Oui, en effet. Cette trilogie a été créée sur trois années au Festival de Drottningholm à partir de 2015, avec Les Noces de Figaro, puis Don Giovanni et Cosi fan tutte. C’est en 2016 qu’Ivan Alexandre m’a proposé de le rejoindre pour la création des deux derniers volets avec une reprise à l’Opéra Royal de Versailles. Comme je connaissais ces œuvres par cœur, je me suis dit : pourquoi pas ? Le travail à ses côtés m’a énormément plu. Il y a eu une incroyable tournée, à Barcelone, Bordeaux, Toulouse puis en Italie. À Ravenne, en 2022, j’ai même eu l’occasion d’être sur scène pour mimer certains rôles, remplaçant des chanteurs souffrants !
Ces productions ont également marqué le début d’une collaboration avec Marc Minkowski ?
Oui, j’ai ensuite travaillé avec Marc Minkowski pour des mises en espace, l’occasion pour moi de faire mes premières armes dans différentes œuvres. La mise en espace est une bonne école pour commencer : on est vraiment au centre du drame et de l’action. Marc m’a ainsi demandé de monter une Périchole en 2018 au Festival de Pentecôte de Salzbourg, et il y a eu ensuite Les Contes d’Hoffmann en Allemagne (2018), Carmen à Bordeaux (2021), Orphée aux Enfers à Hambourg (2023). J’ai également réalisé une production de cette même Périchole, en version scénique cette fois, à Bordeaux (2018) puis à Versailles en 2019. C’est d’ailleurs toujours à Bordeaux que j’ai eu la joie de présenter une mise en scène de Werther en 2022, qui m’a donné l’occasion de travailler avec des artistes superbes, comme Benjamin Bernheim.
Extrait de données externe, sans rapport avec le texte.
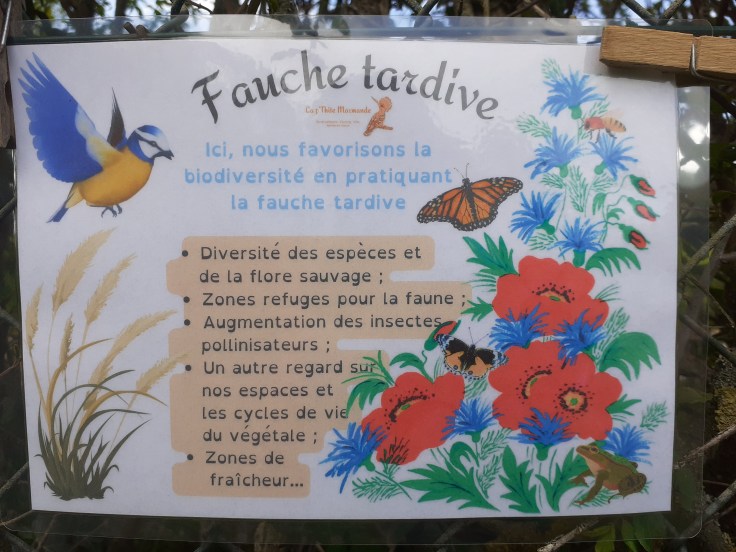 – accès libre pour de la balade aux 11,5 ha de terrains de La p’Thite Marmande (bois, prairie, étang, tables de pique-nique) hors zones de productions et parties privées.

En 2023, il y a eu cette Carmen à l’Opéra de Rouen, une sorte de recréation scénique de l’œuvre ?
Il s’agit d’une commande du Palazzetto Bru Zane, d’habitude plutôt spécialisé dans les redécouvertes musicologiques, mais qui cette fois s’est intéressé à l’aspect scénique. En explorant les Archives nationales, ils ont trouvé le livret de régie indiquant la position des figurants, du chœur, et parfois des solistes, ainsi que des maquettes de costume. Ils ont alors décidé de monter ce projet en confiant les costumes à Christian Lacroix, passionné des costumes d’époque, et les décors à Antoine Fontaine, un maître de la toile peinte et m’ont ensuite sollicité. Tout n’était pas écrit sur les documents retrouvés, et il restait beaucoup de liberté pour la mise en scène. Ainsi, les positions finales étaient indiquées, mais les déplacements entre les personnages, notamment pour les duos ou les trios, étaient laissés à l’interprétation. Le défi était donc de respecter l’esprit de l’époque, sans reproduire sa rigidité, souvent statique et codifiée. Grâce à l’éclairage moderne, nous pouvions apporter une profondeur au plateau, contrairement aux éclairages au gaz d’antan. J’ai donc adopté une direction plus contemporaine pour les chanteurs, tout en respectant les positions indiquées dans le livret de mise en scène. C’est cette liberté créative qui a rendu le projet intéressant et pertinent. En revisitant l’œuvre, j’ai cherché à mettre en avant la Carmen de Mérimée, plus violente et plus sauvage.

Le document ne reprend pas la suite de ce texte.